- **EXERCISE GOAL**:
With the pictures removed, the data below must be transcribed in full and exactly.

[[ SOURCE DATA open ]]

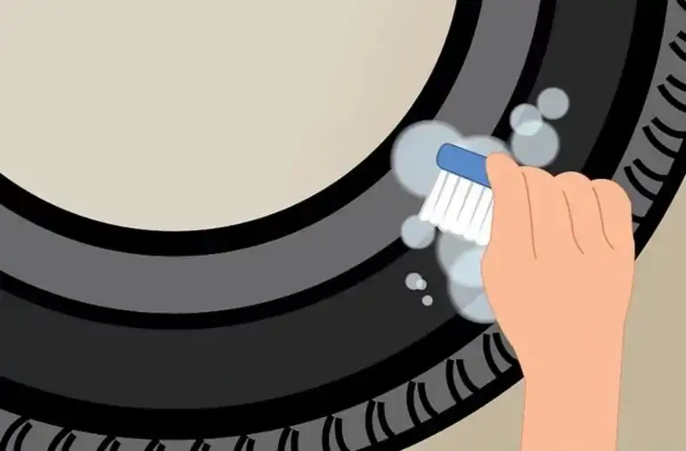 Hãy vệ sinh lốp xe bằng xà phòng hoặc chất tẩy rửa, chà sạch nó từ trong ra ngoài. Bạn cũng có thể sử dụng sản phẩm làm sạch lốp để làm sạch lốp của mình.
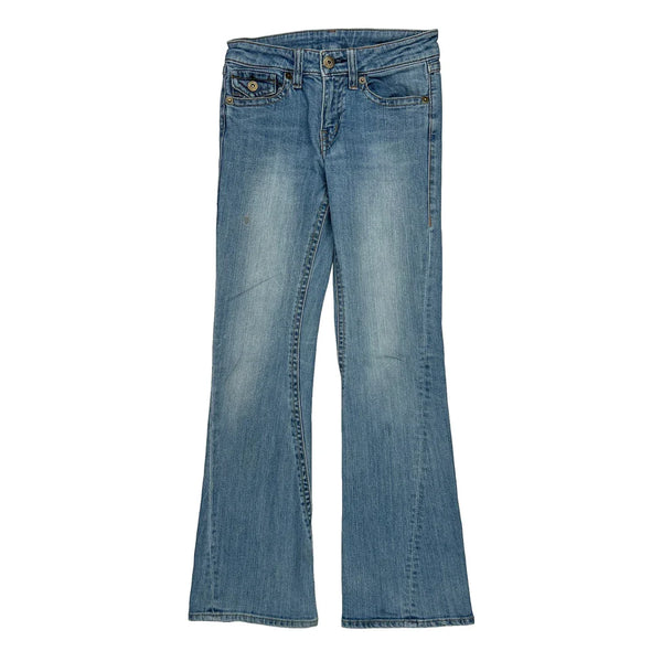 Faded Light Wash Jeans With Flared Bottoms
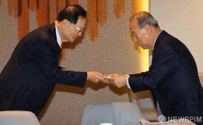 [서울=뉴스핌] 양윤모 기자 = 이복현 금융감독원장과 은행지주 이사회 의장 간담회가 12일 오전 서울 중구 은행연합회 뱅커스클럽에서 비공개로 개최된 가운데 최경수 BNK금융지주 이사회 의장(왼쪽)과 최용호 DGB금융지주 이사회 의장이 명함을 교환하고 있다. 이자리에는 김경호 KB금융지주 이사회 의장,이윤재 신한금융지주 이사회 의장 ,김홍진 하나금융지주 이사회 의장,정찬형 우리금융지주 이사회 의장,이종백 NH금융지주 이사회 의장,최경수 BNK금융지주 이사회 의장,최용호 DGB금융지주 이사회 의장,유관우 JB금융지주 이사회 의장이 참석한 가운데 금융감독원의 은행지주·은행의 지배구조에 관한 모범관행 주문을 경청했다. 2023.12.12yym58@newspim.com

[[ SOURCE DATA closed ]]

- **RESULT OF THE EXERCISE**:
 Hãy vệ sinh lốp xe bằng xà phòng hoặc chất tẩy rửa, chà sạch nó từ trong ra ngoài. Bạn cũng có thể sử dụng sản phẩm làm sạch lốp để làm sạch lốp của mình.
 Faded Light Wash Jeans With Flared Bottoms
 [서울=뉴스핌] 양윤모 기자 = 이복현 금융감독원장과 은행지주 이사회 의장 간담회가 12일 오전 서울 중구 은행연합회 뱅커스클럽에서 비공개로 개최된 가운데 최경수 BNK금융지주 이사회 의장(왼쪽)과 최용호 DGB금융지주 이사회 의장이 명함을 교환하고 있다. 이자리에는 김경호 KB금융지주 이사회 의장,이윤재 신한금융지주 이사회 의장 ,김홍진 하나금융지주 이사회 의장,정찬형 우리금융지주 이사회 의장,이종백 NH금융지주 이사회 의장,최경수 BNK금융지주 이사회 의장,최용호 DGB금융지주 이사회 의장,유관우 JB금융지주 이사회 의장이 참석한 가운데 금융감독원의 은행지주·은행의 지배구조에 관한 모범관행 주문을 경청했다. 2023.12.12yym58@newspim.com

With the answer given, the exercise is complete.